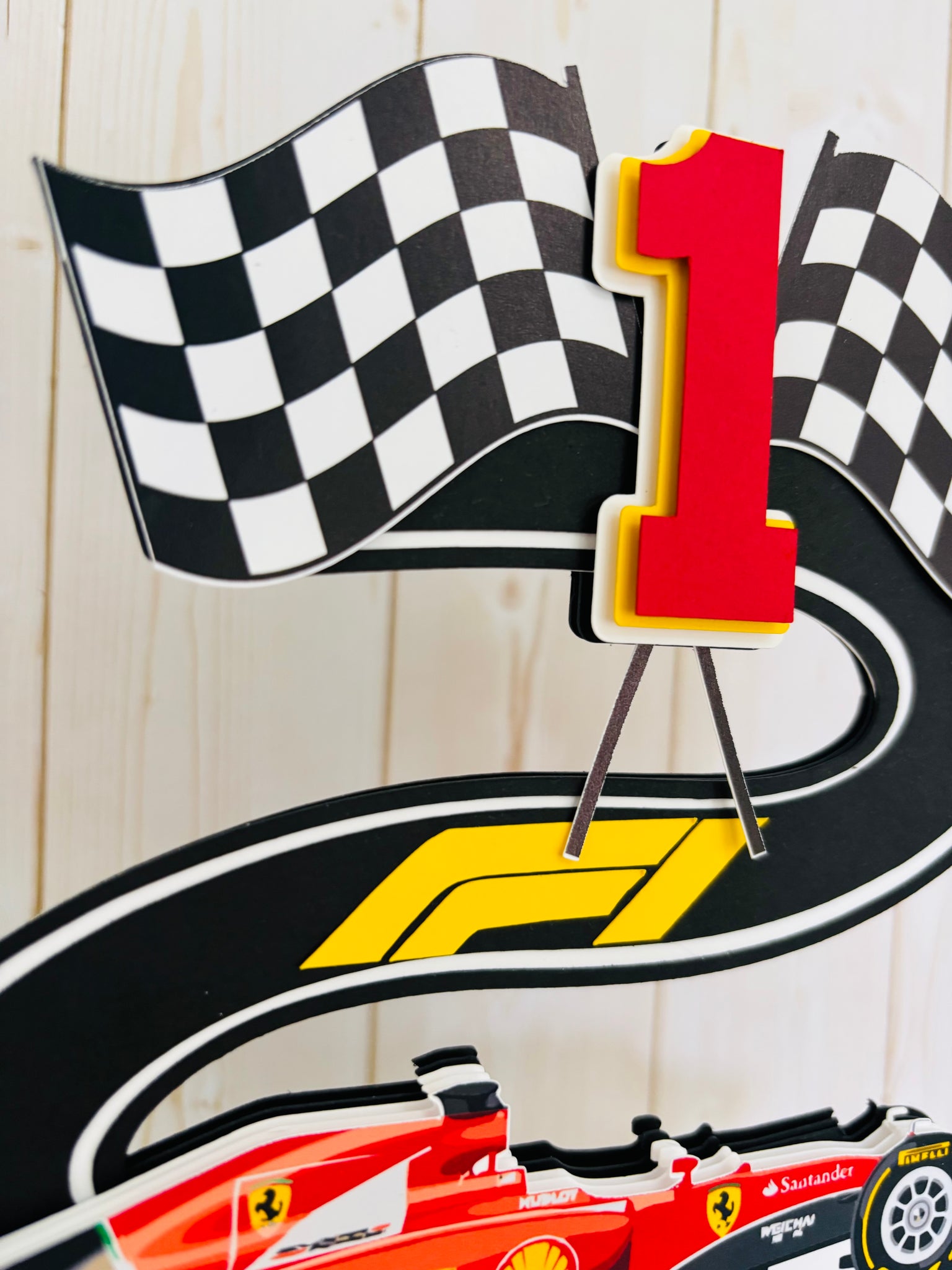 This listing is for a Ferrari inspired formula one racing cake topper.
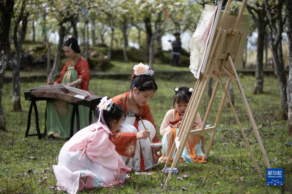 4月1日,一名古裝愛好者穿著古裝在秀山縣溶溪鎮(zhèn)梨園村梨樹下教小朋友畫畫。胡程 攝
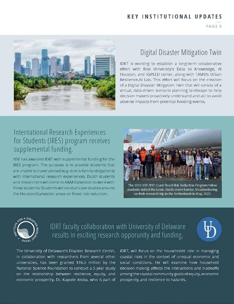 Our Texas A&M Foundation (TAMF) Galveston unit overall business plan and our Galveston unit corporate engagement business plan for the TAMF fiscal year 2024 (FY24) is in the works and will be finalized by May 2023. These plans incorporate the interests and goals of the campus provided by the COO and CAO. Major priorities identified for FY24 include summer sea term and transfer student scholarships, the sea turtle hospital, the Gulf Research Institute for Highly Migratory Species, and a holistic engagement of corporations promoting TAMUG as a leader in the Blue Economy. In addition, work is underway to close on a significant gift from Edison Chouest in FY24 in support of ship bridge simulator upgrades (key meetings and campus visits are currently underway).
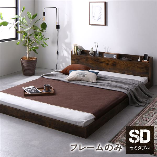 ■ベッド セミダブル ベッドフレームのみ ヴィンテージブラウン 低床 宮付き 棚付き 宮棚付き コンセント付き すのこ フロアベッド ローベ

Exercise objective » Give back, exactly and with nothing added, the lines from the line with "Our Texas A&M" through the final line of the data, both included; leave pictures out.

Exercise output »
 Our Texas A&M Foundation (TAMF) Galveston unit overall business plan and our Galveston unit corporate engagement business plan for the TAMF fiscal year 2024 (FY24) is in the works and will be finalized by May 2023. These plans incorporate the interests and goals of the campus provided by the COO and CAO. Major priorities identified for FY24 include summer sea term and transfer student scholarships, the sea turtle hospital, the Gulf Research Institute for Highly Migratory Species, and a holistic engagement of corporations promoting TAMUG as a leader in the Blue Economy. In addition, work is underway to close on a significant gift from Edison Chouest in FY24 in support of ship bridge simulator upgrades (key meetings and campus visits are currently underway).
 ■ベッド セミダブル ベッドフレームのみ ヴィンテージブラウン 低床 宮付き 棚付き 宮棚付き コンセント付き すのこ フロアベッド ローベ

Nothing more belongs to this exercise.